Der portugiesische Ministerpräsident Pedro Passos Coelho bettelte derweil in Angola um Geld. Die Afrikaner sollen mithilfe ihrer sprudelnden Einnahmen aus der Ölförderung die einstige Kolonialmacht vor der Pleite retten. Schon heute besitzt Angola große Anteile an den portugiesischen Banken Millenium BCP und Banco BPI.
Bislang galten die italienischen Kreditinstitute als vergleichsweise solide. Jedenfalls kamen sie relativ glimpflich durch die Finanzkrise der Jahre 2007 bis 2009. Dafür erwischte es jetzt die Unicredit besonders dramatisch. Im dritten Quartal des laufenden Jahres fuhr die größte italienische Bank einen Verlust von sage und schreibe zehn Milliarden Euro ein.
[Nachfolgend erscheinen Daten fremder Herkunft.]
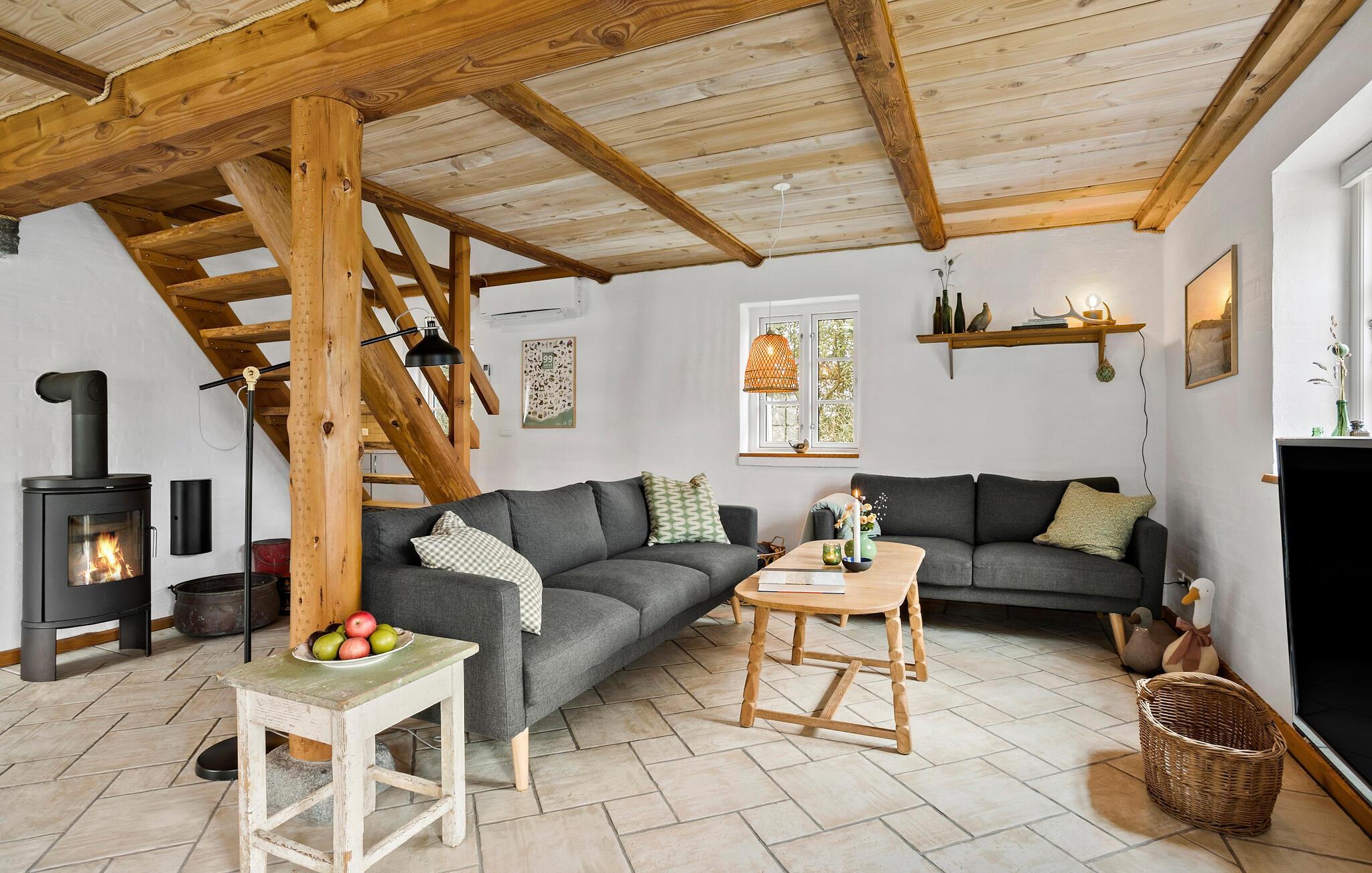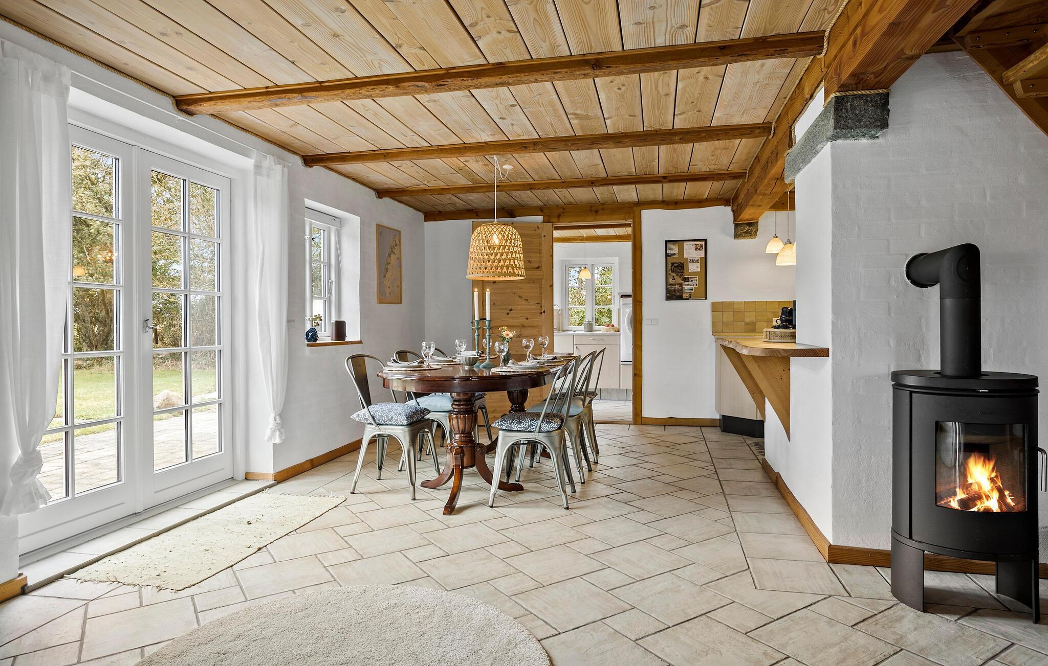Huset ligger i særdeles flotte omgivelser kun minutters gang fra Krik Vig, og derfor er det den helt rette bolig for jer, der søger en ferie med fred, ro og masser af smuk natur. Huset er flot indrettet over to etager med et vellykket mix af rustikke træelementer og moderne faciliteter, der gør det nemt at sænke skuldrene og slappe af efter en aktiv feriedag. Køkkenet er stort og veludstyret, så gør madlavningen til et sjovt fællesprojekt, inden I dækker op til middagen ved det fine spisebord af træ. Tænd op i brændeovnen og nyd dens varme knitren, der giver det helt rette lydtapet til sofahygge med brætspil eller en god film til langt ud på aftenen.

Auslöser war der hohe Abschreibungsbedarf auf Engagements in Osteuropa. Die in eine gefährliche Schieflage geratene belgisch-französische Dexia-Bank musste bisher 90 Milliarden Euro an Staatsgarantien in Anspruch nehmen, um der Pleite zu entkommen. Dem Vernehmen nach hat das Institut Notkredite der Notenbanken von Belgien, Frankreich, Spanien und Italien bekommen.
Und während die britische Finanzaufsichtsbehörde FSA die Banken des Landes auf ein mögliches Ende des Euro vorbereitete, wiederholte Bundeskanzlerin Merkel in der Leipziger Volkszeitung ihre Einlagengarantie vom 5. Oktober 2008. Damals hatte die Kanzlerin erklärt: »Wir sagen den Sparerinnen und Sparern, dass ihre Einlagen sicher sind. Auch dafür steht die Bundesregierung ein.« Wie an dieser Stelle schon früher berichtet, war die vermeintliche Garantie ein einziger Bluff. Denn wenige Tage später ließ das Bundesfinanzministerium verlauten, die Erklärung der Kanzlerin sei keine rechtsverbindliche und damit selbstständig einklagbare Garantieerklärung (Quelle: Plenarprotokoll des Deutschen Bundestags Seite 19.412, 182. Sitzung, Mittwoch 15. Oktober 2008).
Verständlich also, dass immer mehr Menschen um ihr Erspartes bangen. In der aktuell äußerst angespannten Lage sollten Bankkunden sieben goldene Regeln befolgen:

Auf eine ausreichende Einlagensicherung achten. EU-weit (also auch in Deutschland und Österreich) sind Bankguthaben bis 100.000 Euro zu 100 Prozent geschützt. Sparkassen sowie Volks- und Raiffeisenbanken garantieren die Einlagen sogar unbegrenzt. Vorsicht bei Niederlassungen ausländischer Banken, vor allem, wenn die Muttergesellschaft ihren Sitz außerhalb der EU hat. Dann nämlich gilt die Einlagensicherung des Sitzlandes.
Nicht auf Lockvogelangebote hereinfallen. Vor allem die Banken der Pleitestaaten buhlen aktuell mit hohen Zinsen um frische Einlagen ihrer Kunden, weil sie am Interbankenmarkt kein Geld mehr bekommen. Die Risiken sind für den Sparer in diesem Fall extrem hoch und stehen in keinem angemessenen Verhältnis zu den etwas höheren Zinsen.
Geld nur kurzfristig anlegen, am besten täglich verfügbar (Tagesgeldkonten).
Ausreichende Cash-Reserven für Notfälle bilden und hierfür gegebenenfalls einen sicheren Tresor anschaffen. Einen Teil dieser Reserven sollte man in Schweizer Franken und Norwegischen Kronen halten.
Überschüssige Liquidität nutzen, um Schulden zu tilgen.
Vorübergehende Preisrückgänge bei Gold und Silber nutzen, um die Edelmetallbestände aufzustocken (Barren und Münzen).
Die Wirtschaftsnachrichten noch intensiver verfolgen, und zwar nicht nur in den Mainstreammedien, sondern zum Beispiel auf dieser Seite.